PortLLM addresses the challenge of adapting to evolving large language models without repeatedly fine-tuning. It introduces a training-free mechanism that ports domain-specific knowledge via lightweight patches derived from LoRA, enabling seamless transfer to newer model iterations while keeping compute and memory usage low. The framework is theoretically justified by a lemma that the residual between patched and updated patches is negligible, and empirically validated across seven downstream tasks, four architectures, and multiple continued-pretraining datasets, demonstrating substantial zero-shot gains and major efficiency improvements such as up to GPU memory reduction. This approach offers a practical pathway for continual personalization of LLMs, reducing dependence on cloud-based training and enabling on-device, cost-effective deployment with broad applicability across domains like healthcare and science.

Abstract

As large language models (LLMs) increasingly shape the AI landscape, fine-tuning pretrained models has become more popular than in the pre-LLM era for achieving optimal performance in domain-specific tasks. However, pretrained LLMs such as ChatGPT are periodically evolved, i.e., model parameters are frequently updated), making it challenging for downstream users with limited resources to keep up with fine-tuning the newest LLMs for their domain application. Even though fine-tuning costs have nowadays been reduced thanks to the innovations of parameter-efficient fine-tuning such as LoRA, not all downstream users have adequate computing for frequent personalization. Moreover, access to fine-tuning datasets, particularly in sensitive domains such as healthcare, could be time-restrictive, making it crucial to retain the knowledge encoded in earlier fine-tuned rounds for future adaptation. In this paper, we present PortLLM, a training-free framework that (i) creates an initial lightweight model update patch to capture domain-specific knowledge, and (ii) allows a subsequent seamless plugging for the continual personalization of evolved LLM at minimal cost.

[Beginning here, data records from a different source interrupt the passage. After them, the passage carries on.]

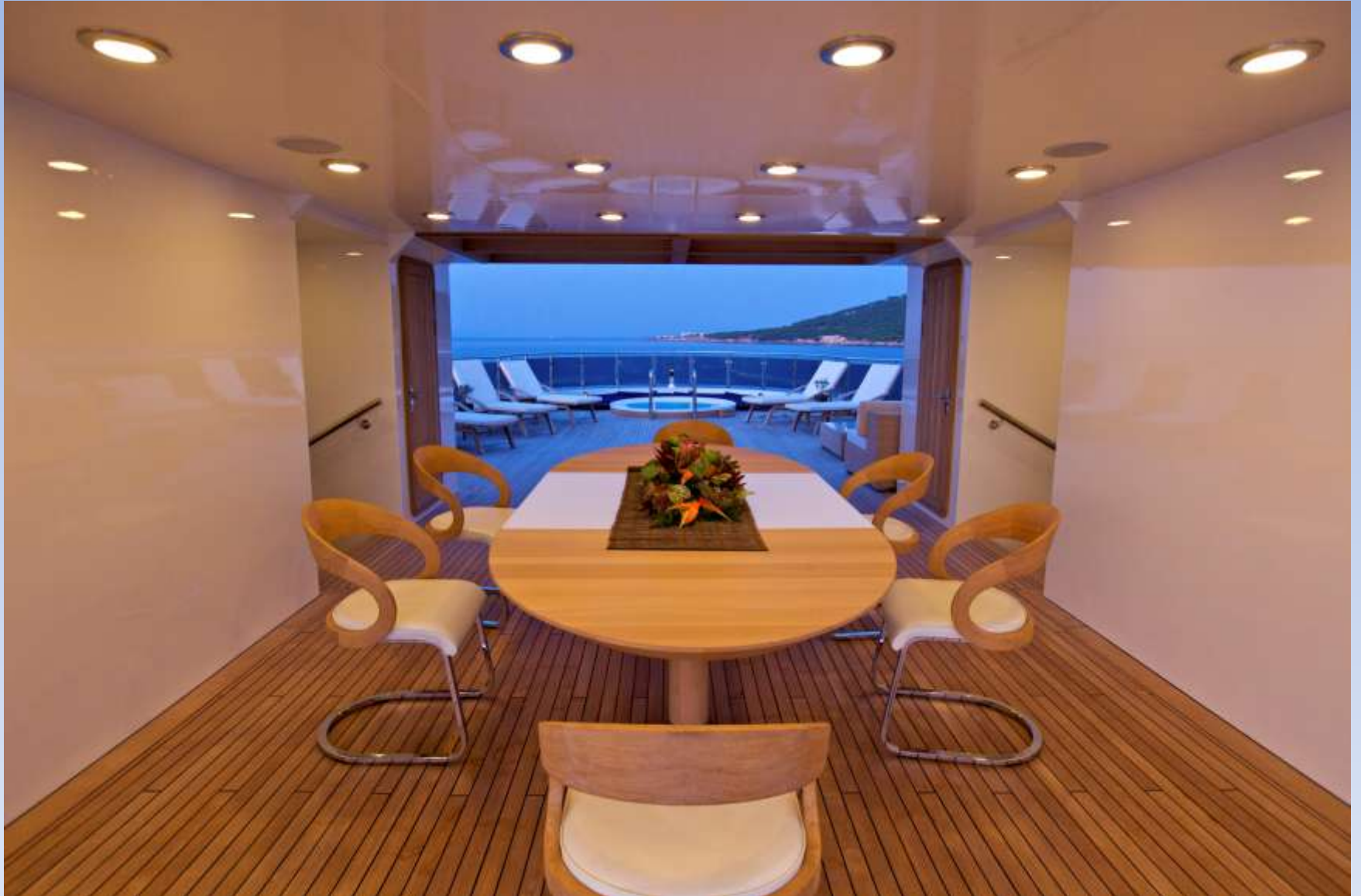
Sun Deck - Dinning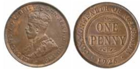
1571* George V , 1926, London die. Glossy brown and red uncirculated and rare in this condition.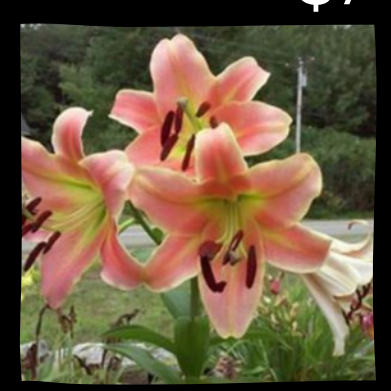
ZELMIRA $7 Ht: 3'-4'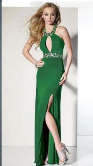
Keyhole too low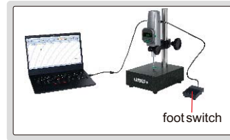
data transmitted to Excel without software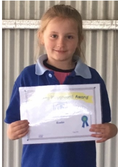
Playground Award - Koalas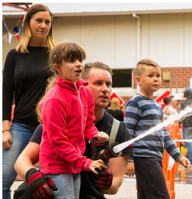
Youngsters being shown how to use the Fire Brigade equipment

There was also a smoke machine, face-painting, a Fireman Sam mascot, music, a barbecue and tea and cake.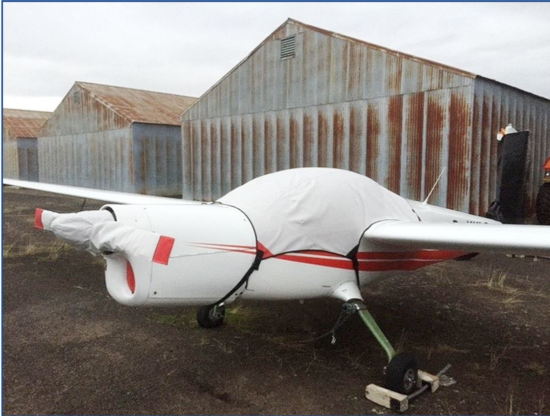
Vivat Canopy and Prop/Spinner Cover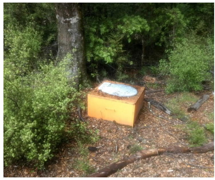
The bare essentials long-drop toilet

about the consequences if I was to fall off. A couple of people were at the hut and another couple turned up while I was there having my lunch.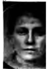
Fig. 10 Composite of 200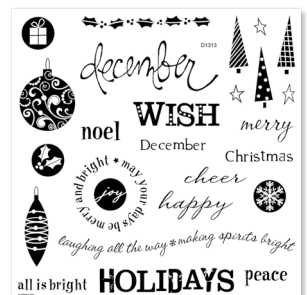
December Word Puzzle

Visit my online business address to learn more: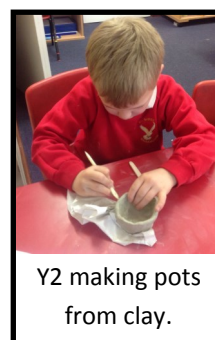
Y2 making pots from clay.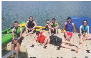
The 7 officers taking time from swimming to pose for a picture

We continued our planning during our officer retreat to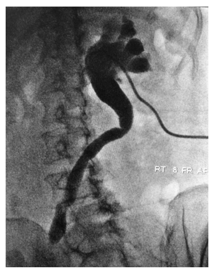
Figure 3. Intraoperative pyelogram of ureter deviated past mid-sagittal plane.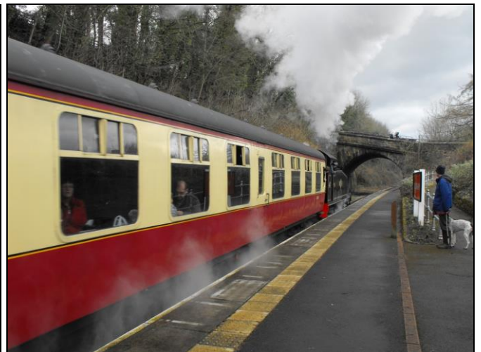
No 40 making a spirited start from Wolsingham on Easter Monday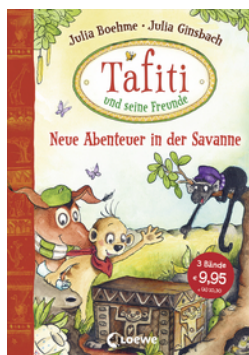
Tafiti and His Friends - New Adventures in the Savannah (Vol. 4-6)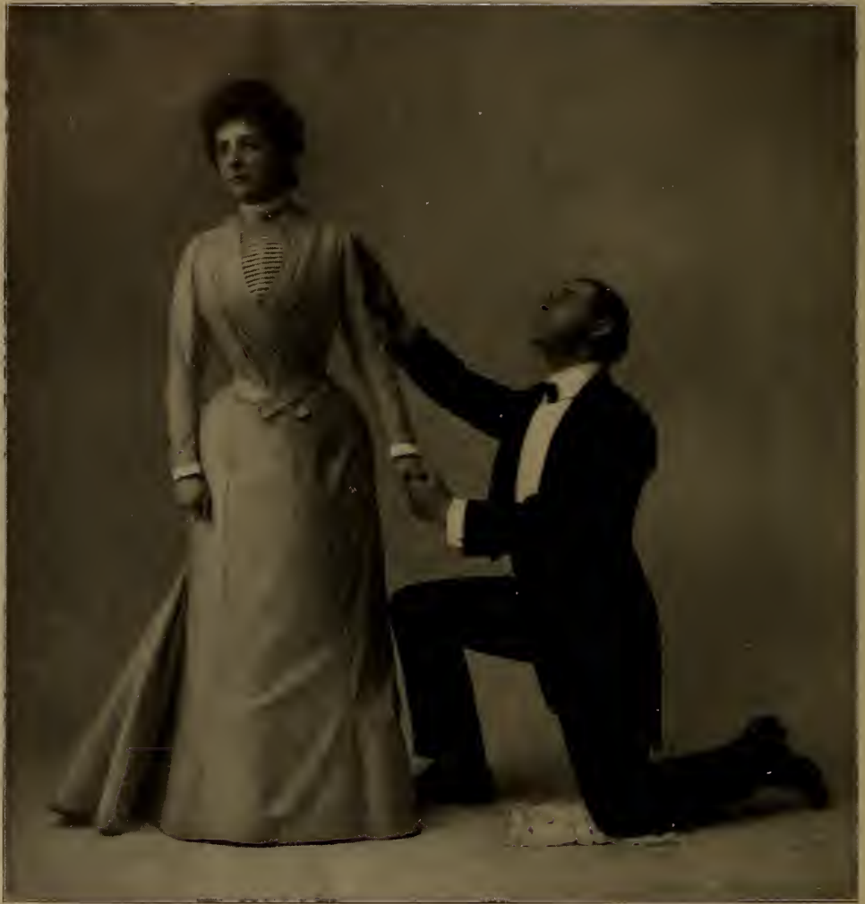
A PLEA FOR FORGIVENESS.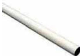
POWDER COATED ROD 007771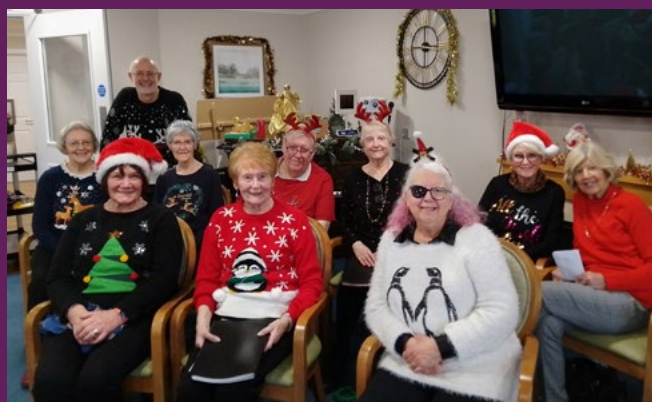
Singing for Pleasure at Cherry Tree residential home

www.warwicksingingtown.co.uk/get-involved/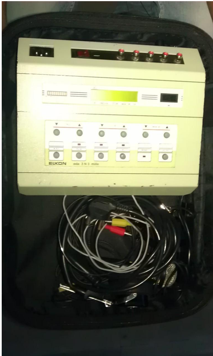
ELKON PURE TONE AUDIOMETER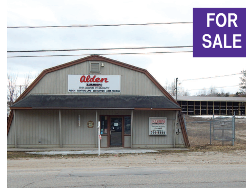
913 WATER STREET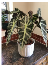
Class 13 Joint 1 st Roy/Moiya Stroomer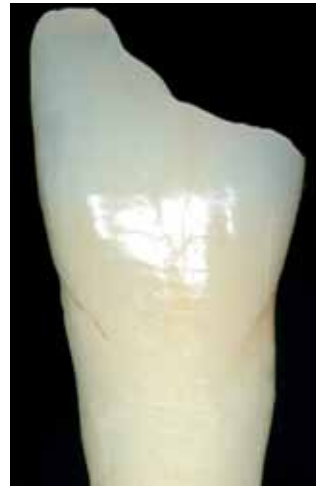
Figure 2: It is necessary to understand the components of the optical properties of the adjacent tooth structure.

A CLASS IV FRACTURE REQUIRES an understanding of the components of the optical properties of the adjacent tooth structure to create an invisible restoration (Fig 2). A series of two bevels is helpful in visually blending the cavo-surface into the surrounding tooth structure. The primary bevel involves the first 2 mm of the preparation. The secondary bevel continues from this point and tapers into the tooth's final facial contours (Fig 3).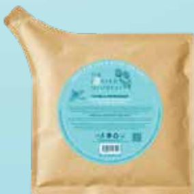
100g/3.5oz Paper Refill Pouch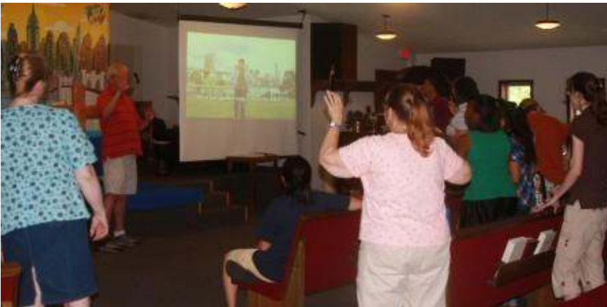
Many stood and sang the worship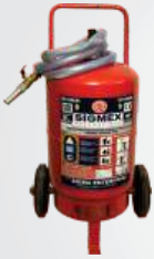
ABC 25 kg Cartridge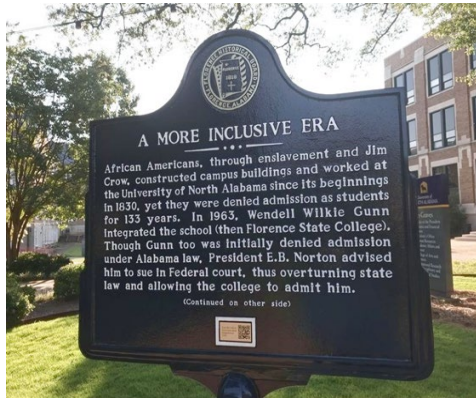
Marker with QR Code

Our extensive experiments cover seven representative datasets, from easier question-answering tasks {BoolQ, SST2} to harder reasoning tasks {WinoGrande, GSM8K}, and models including {Mistral-7B, Llama2, Llama3.1, and Gemma2}, validating the portability of our designed model patches and showcasing the effectiveness of our proposed framework. For instance, PortLLM achieves comparable performance to LoRA fine-tuning with reductions of up to 12.2x in GPU memory usage. Finally, we provide theoretical justifications to understand the portability of our model update patches, which offers new insights into the theoretical dimension of LLMs' personalization.

Paper Structure

This paper contains 28 sections, 17 equations, 2 figures, 8 tables.

Figures (2)

  • Figure 1: The diagram illustrates the core components of PortLLM, a training-free framework to port personalized knowledge between evolving LLMs. Initially, a pretrained LLM is fine-tuned using LoRA. We transfer this task-specific knowledge without requiring the newer updated model to be fine-tuned again. This allows for continual performance improvements on downstream tasks without additional fine-tuning.
  • Figure 2: LLM's evolution & personalization cycle.